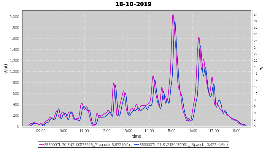 | 18-10-2019 | kWh | Sum | W/Wp | 7.249 | 6000 | 1.2 | 3.353 | € 2.60 | 1.9 |
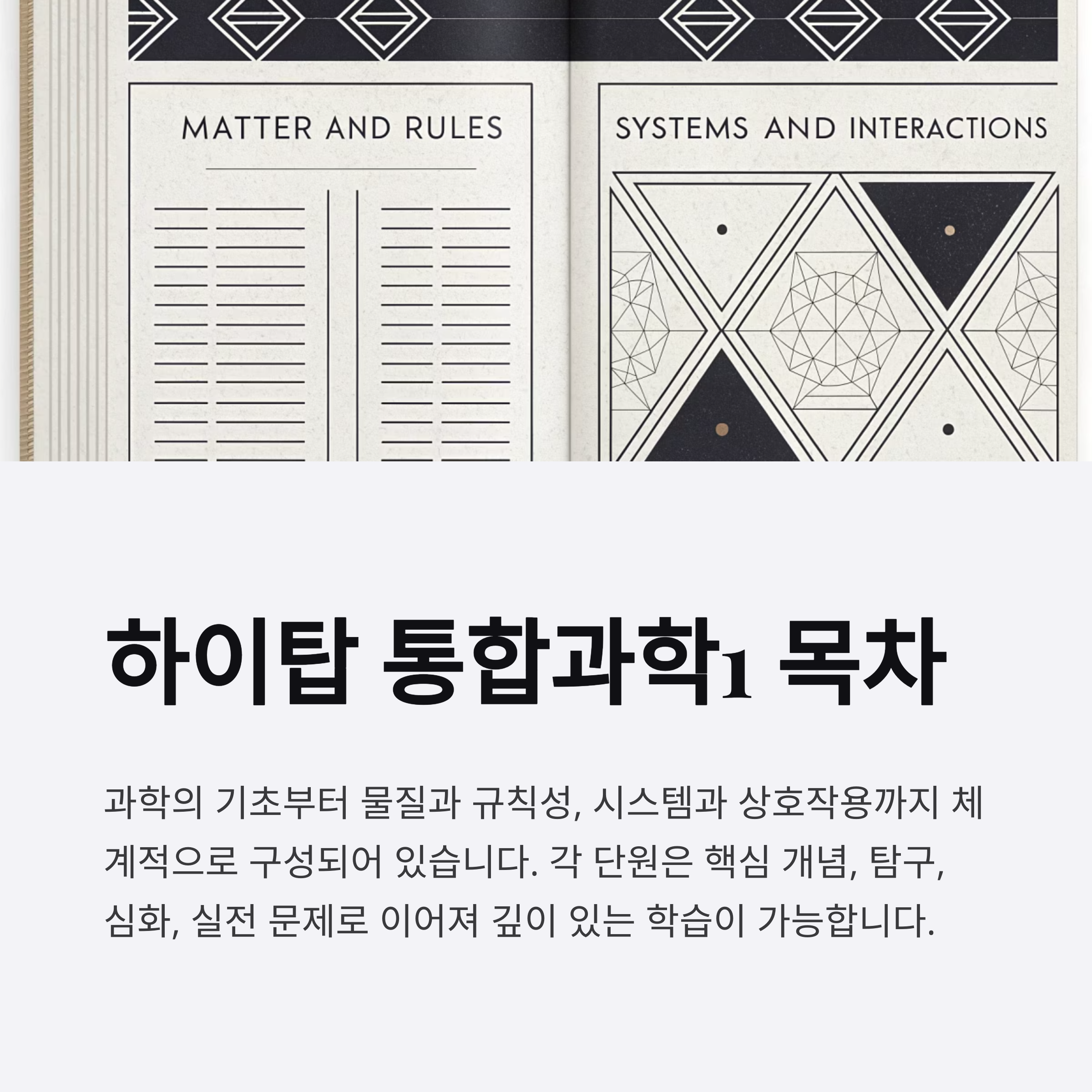 하이탑 통합과학1(2025) 최신판의 목차는 아래와 같이 구성되어 있습니다.
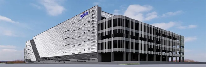 【 構造 】5階建て多層階ランプ型 常温/部分空調倉庫、高さ40mの自動貨物保管エリア有
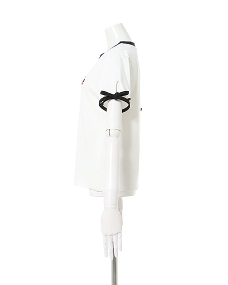 【ロゴ刺繍が可愛い袖リボン半袖Tシャツ】
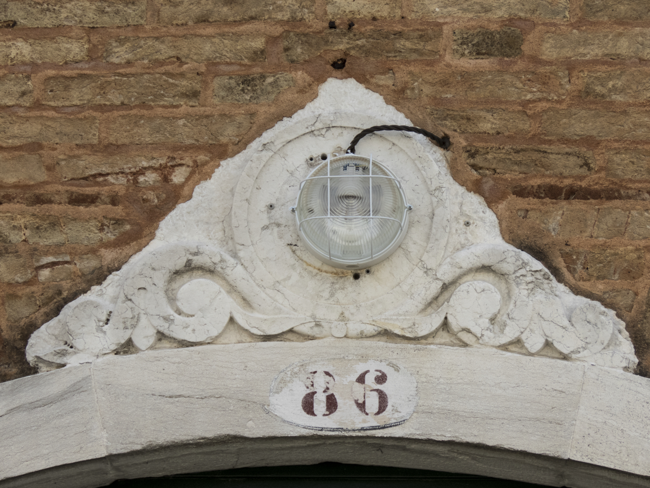 comparto rettangolare decorato con cornice circolare a listello piatto su motivi decorativi a voluta, disposti orizzontalmente nella parte inferiore. Il centro del rilievo non è visibile a causa di una lampada da muro fissata sopra. decorazioni

○ ○ ○ ○

Task
Reproduce every record exactly; images stay out.

Solved problem
 | 18-10-2019 | kWh | Sum | W/Wp | 7.249 | 6000 | 1.2 | 3.353 | € 2.60 | 1.9 |
 하이탑 통합과학1(2025) 최신판의 목차는 아래와 같이 구성되어 있습니다.
 【 構造 】5階建て多層階ランプ型 常温/部分空調倉庫、高さ40mの自動貨物保管エリア有
 【ロゴ刺繍が可愛い袖リボン半袖Tシャツ】
 comparto rettangolare decorato con cornice circolare a listello piatto su motivi decorativi a voluta, disposti orizzontalmente nella parte inferiore. Il centro del rilievo non è visibile a causa di una lampada da muro fissata sopra. decorazioni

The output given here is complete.